Why, I initially asked?
The answer was obvious: 100% of short putts never go in the hole.
So my father told me to putt the ball so that it would roll a foot or two beyond the hole (that is, if it didn’t make it into the cup first). That way, the ball at least has the possibility of going in, and if it didn’t, I could at least see the break in the green as it rolled past the cup.
But it was the first reason that’s more important—i.e., I need to give myself the chance to make the putt. And the only way the ball has a fighting chance of making it into the hole is if, at a minimum, it actually reaches the hole.
When it comes to the bar exam, particularly the multiple-choice portion of the exam, give yourself a fighting chance of getting questions right. That means being aware of answer choices that can never—ever—be correct.
These answer choices are what I refer to as “sucker picks” in the courses I teach.
There are lots of them, and you know them. They are the answer choices that usually contain misstatements of the law. As a result, they can never be right. Just like the short putt that can never make it into the hole, an answer choice that contains a misstatement of the law can never be correct.

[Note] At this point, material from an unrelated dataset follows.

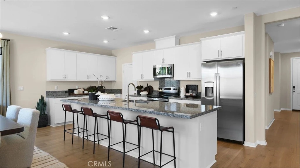 NEW CONSTRUCTION! This new two-story home features an inviting open-concept layout on the first floor, blending the kitchen, living and dining areas for simple transitions and multitasking, and a bedroom and full bathroom are secluded off the foyer. On the second floor, a versatile loft provides a shared living space easily accessible from three bedrooms and a luxe owner’s suite, complete with a full bathroom and walk-in closet. The kitchen features new caledonia granite counters and white cabinetry. Estrella is a gated community of brand-new single-family homes for sale, coming soon to Moreno Valley, CA. Residents will enjoy access to onsite amenities, including a pocket park with shade structures, a tot lot and BBQ area. Estrella is located near the March Air Reserve Base, perfect for military families and personnel. Head over to the Lake Perris State Recreation Area to enjoy the outdoors, with opportunities to boat, hike and more, or enjoy endless recreation options at nearby Lasselle Sports Park.

While it’s usually easy to identify answer choices that contain misstatements of the law, here are just a few to pay attention to.
Intentional infliction of emotional distress. Be careful when confronted with an answer choice that reads something like this: “The defendant is not liable for intentional infliction of emotional distress because the defendant did not have the requisite intent.” An answer choice like this is almost always incorrect because intentional infliction of emotional distress does not always require the element of intent (even though it is an intentional tort). Remember, intentional infliction of emotional distress requires either intent or recklessness. So, even if the defendant lacks intent, the lack of intent does not preclude the defendant from being liable for intentional infliction of emotional distress because the defendant can still act with the requisite recklessness necessary to find a valid cause of action for intentional infliction of emotional distress.

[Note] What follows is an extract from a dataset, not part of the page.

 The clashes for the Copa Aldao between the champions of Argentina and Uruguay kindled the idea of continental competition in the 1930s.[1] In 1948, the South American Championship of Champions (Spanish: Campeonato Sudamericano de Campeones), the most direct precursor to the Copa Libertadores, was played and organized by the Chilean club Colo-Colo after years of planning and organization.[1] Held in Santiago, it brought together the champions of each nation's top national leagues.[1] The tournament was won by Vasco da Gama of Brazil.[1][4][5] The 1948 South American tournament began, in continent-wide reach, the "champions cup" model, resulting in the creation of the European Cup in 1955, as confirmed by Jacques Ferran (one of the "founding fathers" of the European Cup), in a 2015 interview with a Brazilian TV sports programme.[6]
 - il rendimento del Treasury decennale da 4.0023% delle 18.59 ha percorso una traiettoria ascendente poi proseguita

Levels of scrutiny. If you know the different levels of scrutiny for examining Due Process and Equal Protection questions, then you won’t select bad answer choices here. Make sure you know the kind of government interest and the relationship to the law for strict scrutiny, intermediate scrutiny, and rational basis. And know whether the challenger or the government has the burden under each level of scrutiny. For example, examiners seem to mix up the government interests and the relationships, as well as the burdens, to the appropriate level of scrutiny. The following examples are just a sample of how examiners might try to confuse examinees. But, remember, none of these answers choices can be correct—ever—because they’re misstatements of the law:
“The government has the burden to show that the law is rationally related to achieve a legitimate government interest.” An answer choice like this is always wrong because the challenger—not the government—has the burden under rational basis.
“The government has the burden to show that the law is substantially related to achieve a compelling government interest.” An answer choice like this is always wrong because it conflates a part of the rule for intermediate scrutiny (“substantially related”) with a part of the rule for strict scrutiny (“compelling government interest”). Be mindful of other kinds of conflations with other levels of scrutiny.
“The government has the burden to show that the law is compelling to achieve a necessary government interest.” An answer choice like is always wrong because it inappropriately interchanges the kind of government interest with the kind of relationship that’s required. In other words, under strict scrutiny (as in the example used here), the law must be necessary (not “compelling”) to achieve a compelling (not “necessary”) government interest. While the key trigger words exist in this example, make sure they exist in the correct places.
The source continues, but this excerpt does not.